Men have a very conflicted response to it. In the daytime they’re all whistles and winks. But at night time, when they’re coming home pissed from the pub, it’s a different story; they take a penknife to my soft-top or hurl a brick through the window. They never actually try to steal the car, just to mortally wound it and it’s spent more time at the dentist than on the road. In the hope of currying sympathy with these bitter mystery men, my back window sticker says, ‘My other car’s a banjaxed ’89 Cortina.’ (Anton made it specially for me; maybe I should have taken it down when he left, but now wasn’t the time to think about that.)

The road to my parents’ house was almost car-free; all the heavy traffic was going in the opposite direction, into the centre of Dublin. Moving through the fog that swirled like dry-ice, the empty road had me feeling like I was dreaming. Five minutes ago it had been a normal Tuesday morning. I’d been in First Day of Conference mode. Anxious, naturally – there’s always a last-minute hitch – but nothing had prepared me for this.
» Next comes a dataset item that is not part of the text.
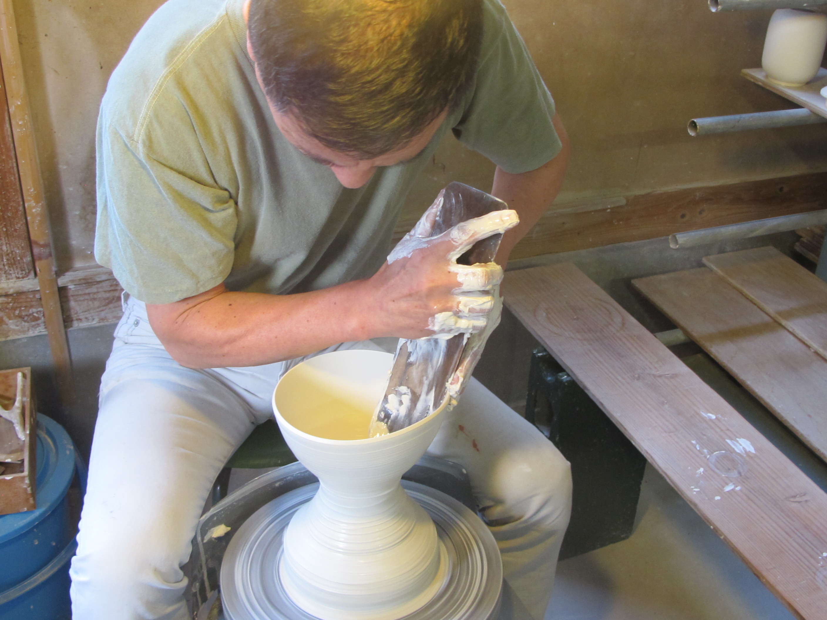 Following on from my visit to the maker of Kanna turning tools and other wooden pottery tools. This afternoon, I have just found the time to make my commitment to my new hand-made stretchy stick. An implement used here for throwing the inside of open forms. This particular one is specifically made for throwing and opening up bowl forms, stretching them out, as it were. So why would I want one? 🙂

I’d no idea what to expect when I got to my parents’ house. Obviously, something was wrong, even if it was just Mam going loola. I didn’t think she was the type, but who can ever tell with these things? ‘He just packed a bag. . .’ That in itself was as unlikely as pigs flying. Mam always packs Dad’s bag for him, whether he’s off to a sales conference or only on a golf outing. There and then I knew Mam was wrong. Which meant that either she had gone loola or Dad really was dead. A surge of panic had me pressing my foot even harder on the accelerator.